= Rotary Jaipur Limb Project =

The Rotary Jaipur Limb Project (RJLP) is a registered charitable organisation located in the United Kingdom. Its mission is to raise funds and build workshops to provide the Jaipur Foot
 to needy patients who have undergone below-the-knee amputations as a result of accident, disease, or in cases of congenital defects.

== History ==
In 1984, two Rotary volunteers, the late Peter Betteridge from the Rotary Club of Godalming, RI District 1250, and his wife Jessamine, visited the workshops of Bhagwan Mahaveer Viklang Sahayata Samiti (BMVSS) in Jaipur, India, a charitable organisation which runs permanent limb centres and limb camps throughout India.

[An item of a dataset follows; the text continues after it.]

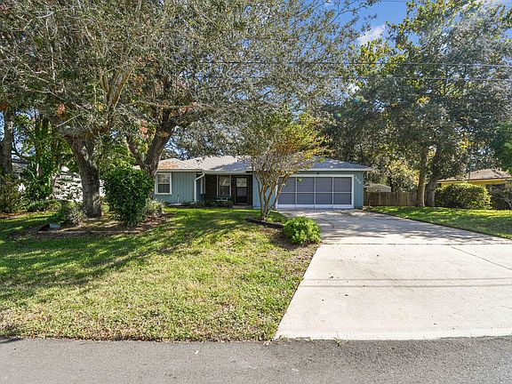 Discover easy living in this inviting Saint Augustine South home. This 3-bedroom, 2-bath residence offers a spacious open-plan living area centered around a cozy wood-burning fireplace, complemented by durable vinyl flooring for low-maintenance living. The well-appointed kitchen overlooks the living space and features a large pantry and a stylish breakfast bar, perfect for casual dining. The owner’s suite is generously sized and includes an attached bath and a walk-in closet for ample storage. Two well-sized guest rooms are thoughtfully positioned near the main bathroom. Enjoy relaxation and outdoor views from the large screened rear lanai overlooking the tranquil backyard. Additional highlights include a separate shed, newer roof(2023), updated plumbing (2020) and newer A/C, and hurricane shutters for peace of mind. St. Augustine South also has two boat ramps for your convenience. This home blends comfort, practicality, and Florida lifestyle in a desirable non HOA neighborhood. With some updating this home could be really nice!

Upon their return to the U.K., they, together with other Rotarians, began to raise funds to help support limb camps in India. The project expanded into creating RJLP's first permanent limb centres in Kammam, India and Nairobi, Kenya in 1990.
In 1994, RJLP was registered as a recognised charity.

== Activities ==
Over the years, RJLP has financed limb camps or established permanent limb centres in Bangladesh, Benin, Congo (Democratic Republic,) Ethiopia, The Gambia, Ghana, Haiti, Honduras, India, Kenya, Rwanda, Sri Lanka, Nepal, Tanzania, Uganda, Zimbabwe and Caribbean countries. It has provided an estimated 50,000 prosthetic limbs in India and 30,000 in Africa, as well as crutches and wheelchairs. The average cost of a Jaipur limb in India is approximately £70 or US$95 (as of 2023) and it is provided at no cost to the recipient.